尚、上記実施例ではAg―Sn―In合金をアトマ
イズ加工により粉粒体となし、これを内部酸化し
た後、圧縮、焼結、押出により線材となしたが、
Ag―Sn―In合金を線材又は板材に加工した後、
内部酸化し、然る後所要の形状に加工しても良い
ものである。
以上詳記した通り本発明の複合電気接点材料
は、従来の銀―酸化錫系電気接点材料に比し、内
部酸化が容易であり、塑性加工性に富み、耐溶着
性も改善されているので、従来の銀―酸化錫系電
気接点材料にとつて代わることのできる優れた複
合電気接点材料と言える。[Table] As is clear from the values in the right column of the table above, the electrical contacts made with the composite electrical contact materials of Examples 1 to 3 of the present invention were made with the composite electrical contact materials of Conventional Examples 1 and 2. The internal oxidation temperature can be raised higher than that of conventional electrical contacts, and the time required for internal oxidation can be reduced to 1/7. In addition, the hardness was lower by about 100 on the Vickers scale, and no cracking occurred during header processing at an area increase of about 75%, and the defective rate was 0%. Furthermore, the number of openings and closings until welding occurs is greater than that of the conventional example, indicating that the welding resistance has been improved by adding indium. In the above example, the Ag-Sn-In alloy was made into powder by atomization, and after internal oxidation, it was made into a wire rod by compression, sintering, and extrusion.

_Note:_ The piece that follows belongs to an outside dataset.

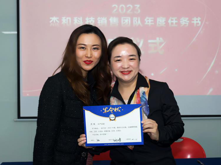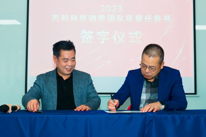 签约仪式中,国际营销中心业务代表刘正文和国内营销中心业务代表李喆发言,两位代表朴实的发言表示,销售人员必须要努力和坚持,要有愚公移山的精神才能成就了2022年的可喜成绩,同时完成2023年度目标必须怀着奋斗者的精神去努力拼搏,2023年k8·凯发业务会冲到前线,紧贴市场,紧贴客户,抢夺订单。

After processing Ag-Sn-In alloy into wire rod or plate material,
It may be internally oxidized and then processed into the desired shape. As detailed above, the composite electrical contact material of the present invention is easier to internally oxidize, has better plastic workability, and has improved welding resistance than conventional silver-tin oxide electrical contact materials. It can be said that it is an excellent composite electrical contact material that can replace the conventional silver-tin oxide electrical contact material.